Goal of the exercise – Set down, unchanged, the line holding "Câu 2: D ->" and all lines that follow it to the end of the material, leaving pictures out.

Recorded data –
◇ ◇ ◇ ◇

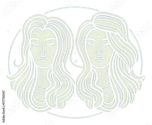 illustrated, drawing, vignetting, logotype, person, portrait, cartoon, circle, icon, line, art, woman, face, pattern, zodiac, adult, human, font, head, creativity, friendship, shape, white, blue, bonding, togetherness, closeup, transparent, young adult, copy space, coiffure, long hair, head shot, gemini, hair, representation, monochromatic, illustration, isolated, jacuzzi, smiling, blond, style, fine
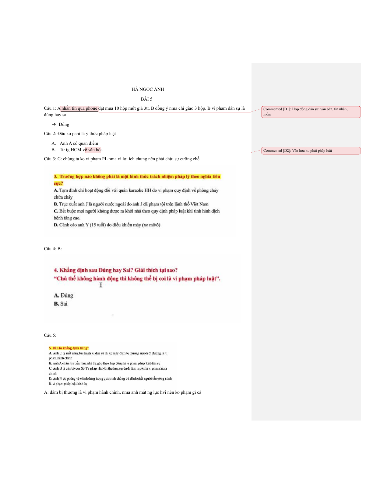 Câu 2: D -> có thể phạt hành chính do gây mất trật tựu đô thị
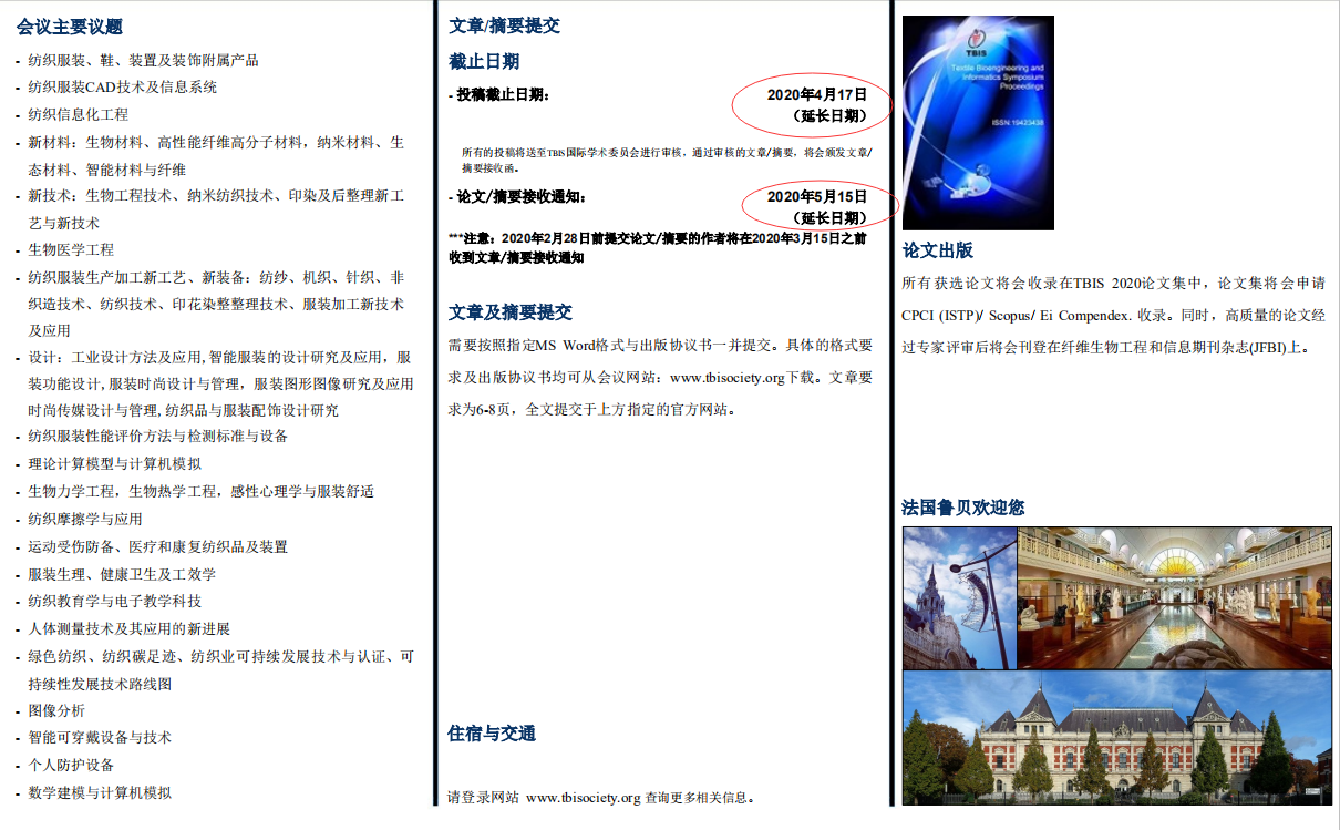 学术会议 当前位置: 首页 > 学术会议 > 正文 TBIS 2020第十三届纺织生物工程及信息国际会议-补充通知 来源:MK体育时间:2020-03-17浏览次数: 各位老师: 会议论文/摘要截止日期由2月28日延长至4月17日。

◇ ◇ ◇ ◇

Output for this task –
 Câu 2: D -> có thể phạt hành chính do gây mất trật tựu đô thị
 学术会议 当前位置: 首页 > 学术会议 > 正文 TBIS 2020第十三届纺织生物工程及信息国际会议-补充通知 来源:MK体育时间:2020-03-17浏览次数: 各位老师: 会议论文/摘要截止日期由2月28日延长至4月17日。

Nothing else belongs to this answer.